El tema de los impuestos al trabajo y a las ganancias, es decir, a los ingresos, es un buen ejemplo de lo que hablamos antes. Un país que promueva el empleo debería bajar impuestos al trabajo y subir impuestos al ingreso. Acá, en Argentina, lamentablemente, el consenso es el opuesto. Se baja el impuesto a las ganancias, y se termina metiendo un montón de impuestos al trabajo, a la producción, al consumo, a la intermediación financiera, a la compra de dólares, etc. Le costó muchísimo a este gobierno conseguir los votos para revertir parcialmente una reducción del impuesto a las Ganancias que este mismo gobierno promovió el año pasado cuando Sergio Massa la introdujo por cuestiones electorales. Eso te deja dos lecciones: una es que las promesas electorales son caras. Lo segundo es que acá la gesta prorreducción de impuestos genera un sesgo hacia los impuestos indirectos que la gente no ve, y por eso banca, pero que representa un paso para atrás. La gente está convencida de algo que va en contra de lo que los economistas y los países avanzados reconocen como un consenso. Cambiar esta cultura es muy difícil.

— "La clase obrera blanca (de EE. UU.) rechaza a los profesionales [doctores, abogados, profesores], pero admira a los ricos", citan en "Automatizados" a Joan Williams, en un artículo en el que intenta explicar la base de apoyo de Donald Trump en el cinturón industrial americano. ¿Algo parecido pasa en Argentina?

—Hay algunos patrones similares al apoyo que tiene Trump en Estados Unidos. Es un apoyo anti-intelectual, que valora al tipo que hizo dinero "por las suyas", que es un poco la imagen fabricada que vende Trump. En el caso argentino eso se combina y se profundiza con la falta de perspectivas económicas. Estamos estancados tanto a nivel macro como en términos laborales y de desarrollo social desde 2012, el final del boom del precio de los commodities. Y la clase política se ha deteriorado: lejos de ser ideológica o principista es, con excepciones, una corporación con gente que pasa de una posición a la otra sin ningún pudor, como si sintiera que no tiene que dar explicaciones de esos giros, muchas veces autointeresados. Estados Unidos crece y tiene moneda estable y pleno empleo.
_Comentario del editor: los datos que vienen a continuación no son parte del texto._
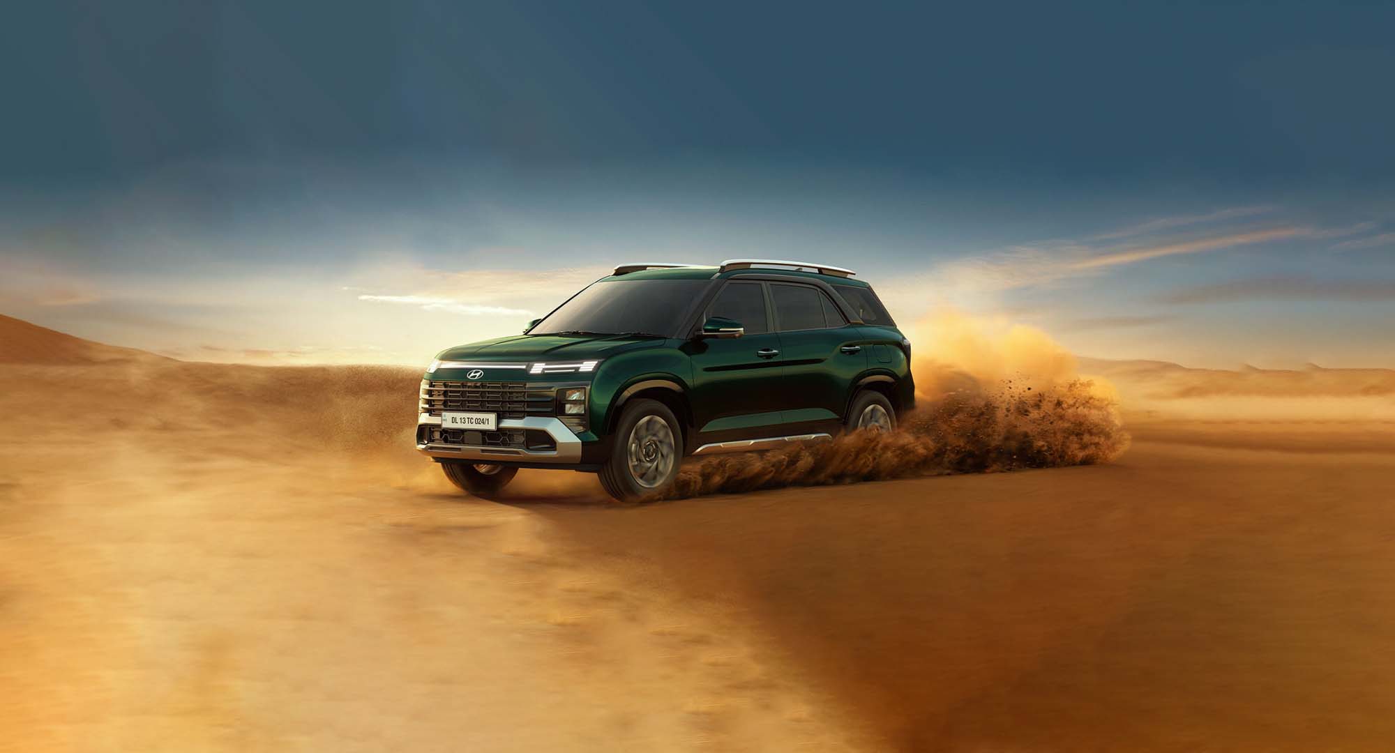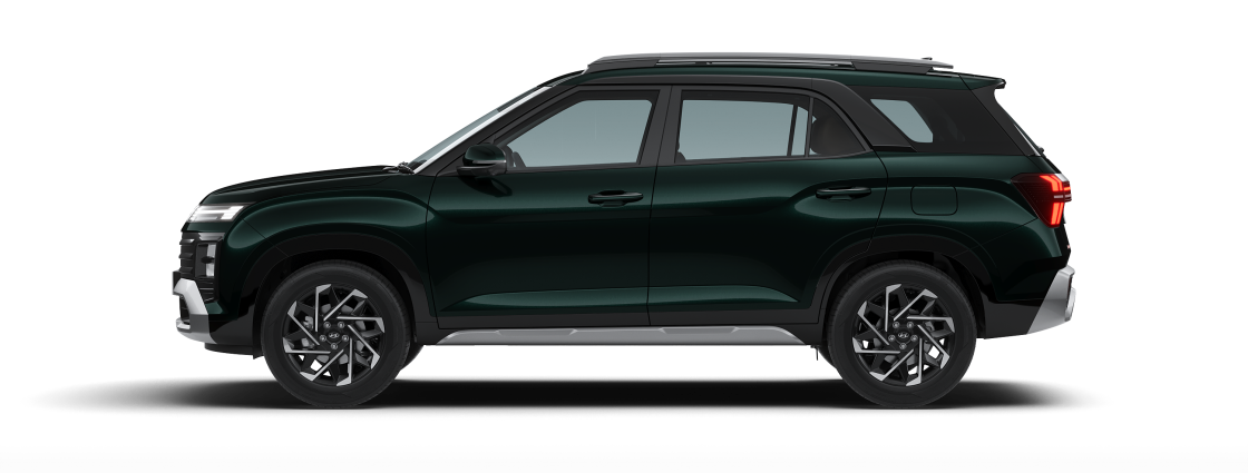 The bold new Hyundai ALCAZAR car is all about making a statement. Its imposing new dark chrome radiator grille design exudes confidence, while the quad beam LED headlamps technology pierces the night with exceptional clarity. The horizon LED positioning lamps and H-shaped DRLs run along the front, while rear horizon LED lamps grace the back, adding a touch of futuristic flair. The bold design extends to the sides, with painted black body cladding that emphasizes its muscular stance and readiness for adventure. All-new wheel design with R18 diamond cut alloys complete the look, reflecting its sophistication and attitude.

Nosotros, más allá de la cuestión cultural, tenemos un país en retroceso hace años, y una clase política disociada de esta realidad desesperanzadora. Por eso en nuestro populismo outsider se combinan lo aspiracional con el hartazgo con un país que no funciona y una rebelión contra una clase política que parece haber perdido el interés en llevar el país a un lugar mejor. 

—¿Qué ves en el presente y el futuro de Argentina?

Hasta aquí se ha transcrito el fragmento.